Values generated by RepProcessors for t ≤ T_test1 may differ between these horizons, requiring snapshots ("versions") of the data as seen up to each timepoint. Efficient management of these versions is essential for performance and memory usage.

PidDynamicRec addresses these challenges by enabling efficient versioning.

Version Numbering

  • Version 0: The original data from the repository.
  • Versions 1+: Created and managed using PidDynamicRec tools, typically corresponding to different prediction timepoints.

Initializing a PidDynamicRec

PidDynamicRec inherits from PidRec and is initialized similarly, with the addition of specifying the number of versions to maintain (usually matching the number of prediction timepoints). Use the set_n_versions() method:

int init_from_rep(MedRepository *rep, int pid, vector<int> &sids_to_use, int n_versions);

Reading from a PidDynamicRec

To read data, specify both the signal and the version:

1
2
3
4
void *get(int sid, int version, int &len);
void *get(string &sig_name, int version, int &len);
void *uget(int sid, int version, UniversalSigVec &_usv);
void *uget(const string &sig_name, int version, UniversalSigVec &_usv);

Each PidRec maintains a usv object for thread safety and efficiency.

Modifying Versions in PidDynamicRec

The core purpose of PidDynamicRec is to create and manage versions that differ from the original.

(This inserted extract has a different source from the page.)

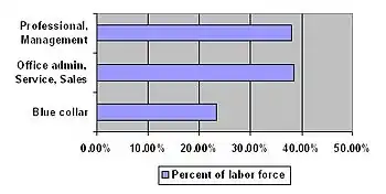 Overall, the least educated occupational field was agriculture, ranking last on all educational levels. Here 55.4% had graduated from high school, roughly one fifth (20.8%) had some college education or an associate degree and 6.8% had a bachelor's degree or higher. While the largest occupational field, that consisting of professionals and relating occupations was also the largest field, the fields with lower educational attainment combined were larger than the professional and managerial fields combined. Overall, 38.02% were employed in the professional and managerial fields while 61.89% were employed in the other white and blue collar fields were those with a bachelor's degree or higher constituted less than a third of the work force.[3]
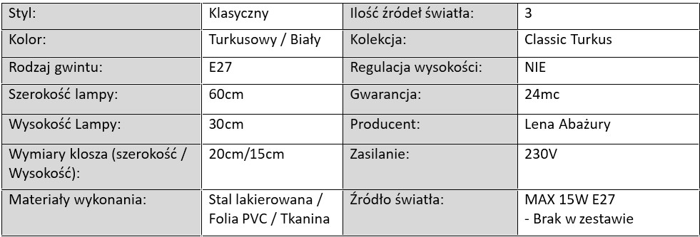 Lampa Sufitowa Classic Turkusowa / 3xE27

Initially, all versions reference version 0.

Key methods for version management:

// Set a version to new data
int set_version_data(int sid, int version, void *datap, int len);

// Copy original data into a new version
int set_version_off_orig(int sid, int version);

// Point one version to another's data
int point_version_to(int sid, int v_src, int v_dst);

// Remove an element from a version
int remove(int sid, int version, int idx);

// Remove from one version and place in another
int remove(int sid, int v_in, int idx, int v_out);

// Change an element in a version
int change(int sid, int version, int idx, void *new_elem);

// Change in one version and copy to another
int change(int sid, int v_in, int idx, void *new_elem, int v_out);

// Batch update: changes and removals
int update(int sid, int v_in, vector<pair<int, void *>>& changes, vector<int>& removes);

// Batch update with value channel
int update(int sid, int v_in, int val_channel, vector<pair<int, float>>& changes, vector<int>& removes);

Example: Cleaning Glucose Signal

MedRepository rep;
int pid;
// ... load repository and set pid ...

PidDynamicRec pdr;
int sid = rep.sigs.sid("Glucose");
vector<int> sids = { sid };
pdr.init_from_rep(&rep, pid, sids, 1); // Initialize with one extra version

UniversalSigVec usv;
pdr.uget(sid, 0, usv); // Get original data

// Option 1: Create a new vector and set as version 1
vector<SDataVal> new_glu;
for (int i = 0; i < usv.len; i++) {
    if (usv.Val(i, 0) > 0) {
        SDataVal sdv;
        sdv.date = usv.Time(i, 0);
        sdv.val = (float)((int)usv.Val(i, 0));
        new_glu.push_back(sdv);
    }
}
pdr.set_version_data(sid, 1, &new_glu[0], (int)new_glu.size());

// Option 2: Batch update
vector<pair<int, float>> changes;
vector<int> removes;
for (int i = 0; i < usv.len; i++) {
    if (usv.Val(i, 0) > 0) {
        changes.push_back({i, (float)((int)usv.Val(i, 0))});
    } else {
        removes.push_back(i);
    }
}
pdr.update(sid, 1, 0, changes, removes);

// Read modified version
pdr.uget(sid, 1, usv);
// usv now contains the cleaned data

Efficiency: Version Pointing and Iteration

Often, multiple versions are identical (e.g., when only considering data up to a given timepoint). To optimize, versions can "point" to the same data, only splitting when changes are needed.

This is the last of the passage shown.